How does the strategy change from 1k to 100k to 1M tokens?

This is the question that trips people up, because the right answer inverts as the budget grows. Today's frontier models from Anthropic, Google and OpenAI offer context windows up to a million tokens or more, and it is tempting to assume that makes context engineering obsolete. The opposite is true - it changes which problem you are solving.

At around 1k-8k tokens, the constraint is space. You hand-curate ruthlessly: tight instructions, one or two examples, only the most relevant retrieved snippet. Every token is contested, so you spend your effort on compression.

At around 100k tokens, space stops being the binding constraint and attention becomes one. You can fit a lot, but the lost-in-the-middle effect means the model will not weight all of it equally. Now you spend your effort on ordering and structure - putting the most important material at the start and end, using clear headings, and summarising stale history rather than carrying it verbatim.

At 1M tokens, you can fit an entire codebase or a book, but two new problems appear: cost and latency scale with what you load, and precision still matters because more irrelevant text means more chances to distract the model. The winning pattern at this scale is not 'load everything' - it is 'retrieve aggressively, then use the huge window as headroom for the genuinely relevant material plus room to reason'. The window grew; the discipline did not change.

How do you stop a long-running agent from forgetting?

Memory is where agents most visibly fall apart, because the naive approach - keep appending the full history - guarantees you hit the context limit and the lost-in-the-middle wall at the same time. The fix is to treat memory as a managed resource rather than an ever-growing log.

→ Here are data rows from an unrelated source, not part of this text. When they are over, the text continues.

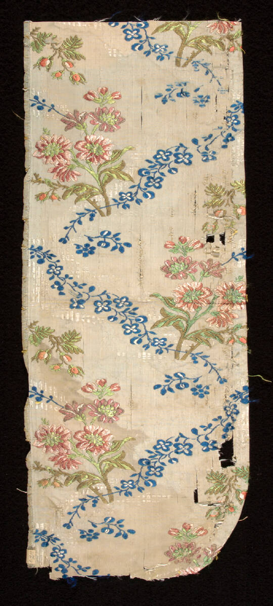 DescriptionCream silk with flush patterning, borcaded with polychrome silks.
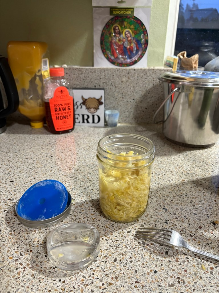 But our sauerkraut was so yummy I ate almost a pint of it with a fork.
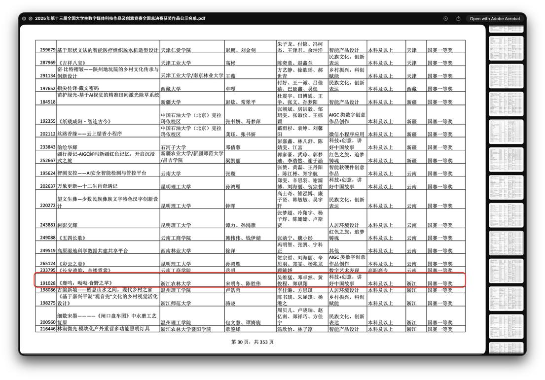 10月27日,2025年第十三届全国大学生数字媒体科技作品及创意竞赛全国总决赛在哈尔滨举行。全国大学生数字媒体科技作品及创意竞赛是本科生一类学科竞赛,浙江省共有15支队伍获得各国赛一等奖。

Three patterns do most of the work. Summarise older turns into a compact running state so the agent keeps the decisions without the transcript. Externalise durable facts - user preferences, task progress, learned constraints - into a store the agent reads from and writes to, rather than holding them in the conversation. And scope each step to only the memory it needs, rather than re-reading everything every time. I unpack the failure mode in why your AI keeps forgetting things; the engineering answer is that a good agent decides what to remember as deliberately as it decides what to do.

What are the most common context-engineering mistakes?

The same handful of errors come up again and again. Dumping raw tool output (especially full JSON) straight back into the context instead of extracting the relevant field. Writing tool descriptions for humans rather than the model. Carrying the entire conversation history verbatim when a summary would do. Pre-loading a knowledge base that should be retrieved on demand. And treating a bigger context window as permission to stop curating. Each one quietly degrades the agent while leaving the model itself untouched - which is exactly why blaming the model is so tempting and so wrong.

Frequently asked questions

Q01Is context engineering the same as prompt engineering?
No. Prompt engineering is about wording a single request well. Context engineering is the broader discipline of deciding everything the model can see on each step - instructions, tools, examples, memory and retrieved data - which matters far more for multi-step agents than for one-shot chat.
Q02Does a 1M-token context window make context engineering unnecessary?
No. A larger window removes the space constraint but not the attention, cost or latency constraints. Models still weight information unevenly across a long context, so precision and ordering matter as much at 1M tokens as compression matters at 1k.
Q03Should I put my knowledge base in the system prompt or retrieve it?
Put information in the system prompt only if it is small, stable and needed on every step. If it is large, changes often, or is relevant only to some queries, retrieve it on demand so the context stays focused and cheap.
Q04Why does my agent forget what it did earlier?
Because it is carrying the full history verbatim until the important details get buried or pushed out of the window. Summarise old turns, externalise durable facts to a store, and give each step only the memory it needs.